ISRIB (integrated stress response inhibitor) is an experimental drug that reverses the effects of eIF2α phosphorylation with an IC50 of 5 nM. It was discovered in the laboratory of Peter Walter at University of California, San Francisco (UCSF) through a semi-automated screening of a large library of small molecules by Carmela Sidrauski, who decided to pursue research on it. It has been shown to inhibit eIF2α phosphorylation-induced stress granule (SG) formation. Since eIF2α phosphorylation is known to be involved in memory formation, ISRIB was tested to see whether it would be active in vivo, and was found to readily cross the blood–brain barrier, with a half-life of eight hours. 

Subsequent testing in 2013 found ISRIB to produce significant nootropic effects in mice, as measured by enhancement of spatial and fear-associated learning in standard water-maze and conditioned environment tests. 

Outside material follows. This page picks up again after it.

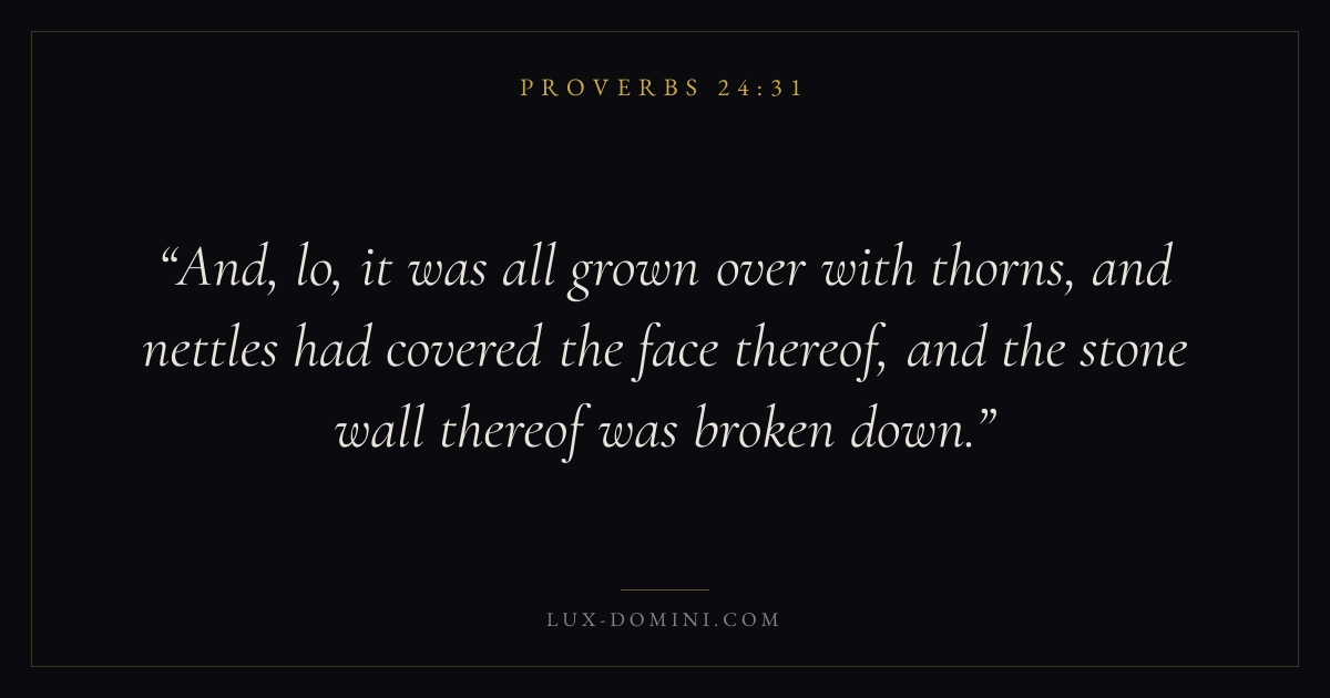 And, lo, it was all grown over with thorns, and nettles had covered the face thereof, and the stone wall thereof was broken down.

The technology was licensed to Calico in 2015 and Sidrauski was hired to help find possible drugs based on ISRIB. She heads the laboratory in which it is being studied. 

Testing in 2017 indicated the experimental drug improved the ability of brain-injured mice to learn and form memories on memory tests, thus appearing to reverse impairments from traumatic brain injury. ISRIB treatment also corrects spatial memory deficits and improves working memory in aged mice.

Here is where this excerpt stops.